Rules Database Server

Determines Subscriber Profile

Session requirements such as Bandwidth, Quality Of Service, Class Of Service

Routing preferences based on Priority, Cost, Termination Location

Media and Application requirements (Voice Telephone to Video Telephone, Multi-point, text to speech, Fax to E-mail etc.)

Content Separation (Example: Tells the intelligent peripheral and protocol converter to separate the Audio stream from the data and video stream on an H.32x call; It may also instruct the protocol converter to process the stream so as to enable this audio stream to be fed to a destination which supports traditional analog voice hence the G.728/9 content from the H.32x session would be converted first to AD/PCM and then sent to a Class 5 circuit based switch and terminated on a circuit switched SS7 network POTS line)

Access Device (Session Control)

Provides connectivity and session termination from customer premises to the NGN

Acts as the hub for the various applications (Video, Voice, Fax, Web Data, Unified Messaging)

Provides systems management and reporting functions

May provide application multiplexing (allowing simultaneous multi application access)

Intelligent Peripheral (Media Control)

Provides services such as DTMF parsing, Voice prompting, Messaging, Speech recognition, Text to Speech, Text to Fax, etc.

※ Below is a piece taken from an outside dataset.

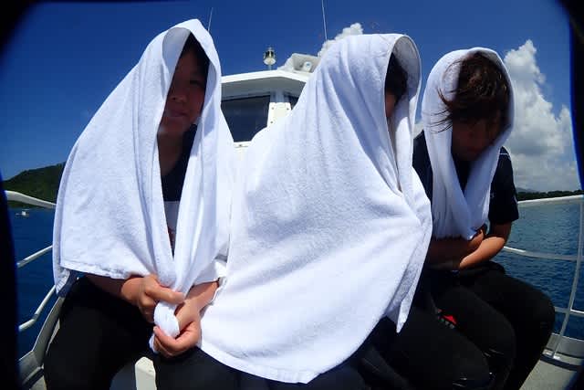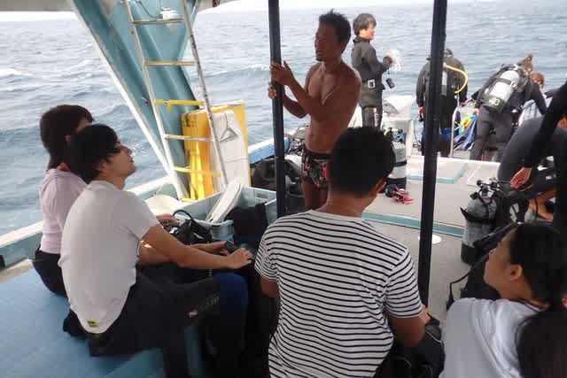 コンディション:東の風強く 波:6m 気温:32℃ 水温:28℃ 透明度~20m

Protocol Conversion (Policy Management)

Receives session requirements from Rules database

Selects and executes required filters to enable activation, processing and tear-down of sessions

Interfaces with existing CORE network to process information across NGN/Extended CORE

Filters and Converts signals from SS7/ISDN to TCP/IP/H.323

Converts Signaling data from one format to another (example: G.728/9 to AD/PCM or Vocaltec to Vienna Systems, etc.)

Network Access Control Point (Session Control)

Similar to a switching node on an SS7 circuit switched network.

First or Last Access Point in the network

Provides actual call/session handling, routing and processing based on instructions from the Rules Database server

Session Manager/Event Logger (Session Control)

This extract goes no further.